Finding 3: Multiple Models Reveal Arbitrary Diagnoses
When researchers used multiple models instead of a single model, they discovered instances where predictions differed across equally-plausible models. These are the “multiplicity patients”—individuals who would receive different diagnoses depending on which equally-valid model was used.[1]
Imagine a patient with borderline symptoms. Model A, trained with a slightly different random seed, predicts disease present. Model B, equally accurate, predicts disease absent. The patient’s actual condition hasn’t changed, but their diagnosis has. This is the essence of predictive multiplicity in practice.
Key Findings from Recent Research
The recent comprehensive study on predictive multiplicity in medical AI provides empirical evidence of how widespread and serious this problem is. Here are the major findings:
Multiplicity is Widespread Across Medical Tasks
The research wasn’t limited to one medical domain or one type of model. Across diverse medical tasks and model architectures, predictive multiplicity was observed. This suggests the problem is systemic, not limited to specific applications.[1]

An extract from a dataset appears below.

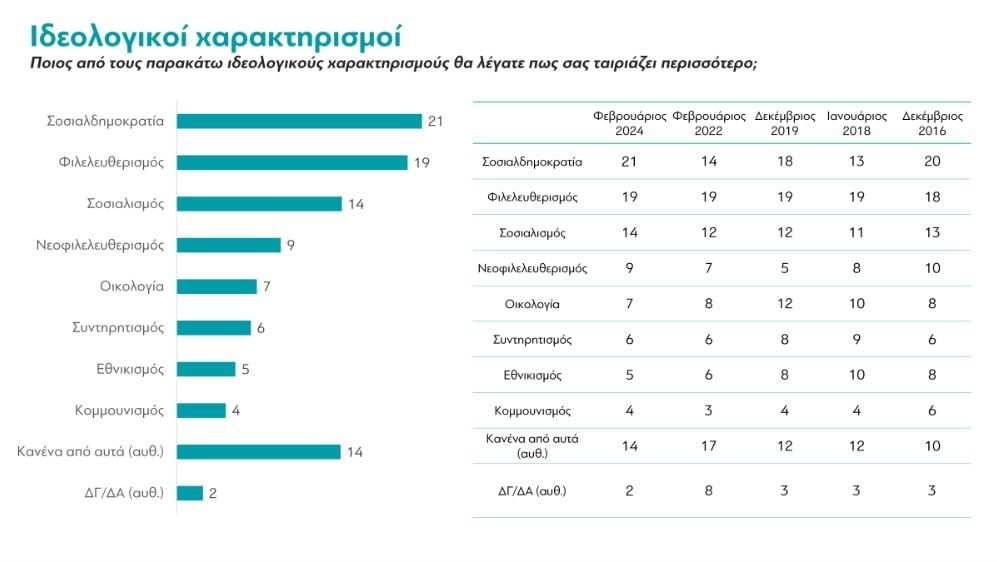 Η έρευνα ανοίγει με ερωτήσεις που ανιχνεύουν την πολιτική τοποθέτηση των συμμετεχόντων. Οι ερωτώμενοι αρχικά καλούνται να αυτο-τοποθετηθούν ιδεολογικά, επιλέγοντας τον χαρακτηρισμό που τους εκφράζει περισσότερο.

Small Ensembles Can Mitigate Multiplicity
One of the most encouraging findings is that using multiple models together—an ensemble—can effectively mitigate or even eliminate predictive multiplicity in practice.[1] Rather than using a single model and hoping it’s the right one, using several equally-valid models together can provide more reliable predictions.
When multiple models agree on a diagnosis, that consensus is meaningful. It suggests the prediction isn’t based on arbitrary choices but on genuine patterns in the data. Conversely, when models disagree, that disagreement is informative—it tells us the prediction is uncertain and potentially unreliable.

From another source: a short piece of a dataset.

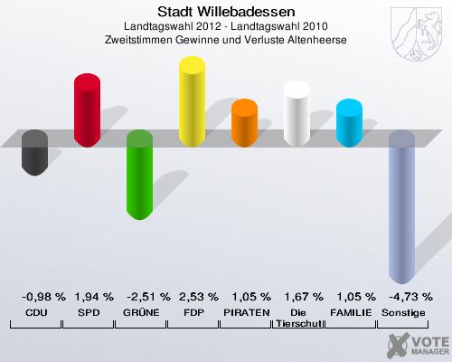 Stadt Willebadessen, Landtagswahl 2012 - Landtagswahl 2010, Zweitstimmen Gewinne und Verluste Altenheerse: CDU: -0,98 %. SPD: 1,94 %. GRÜNE: -2,51 %. FDP: 2,53 %. PIRATEN: 1,05 %. Die Tierschutzpartei: 1,67 %. FAMILIE: 1,05 %. Sonstige: -4,73 %. http://www.votemanager.de

Higher Accuracy Reduces Multiplicity
Interestingly, the research found that higher accuracy achieved through increased model capacity reduces predictive multiplicity.[1] Models that are more accurate tend to show less disagreement among equally-valid variants. This suggests that investing in better models—more sophisticated architectures, more training data, better features—can help address the multiplicity problem.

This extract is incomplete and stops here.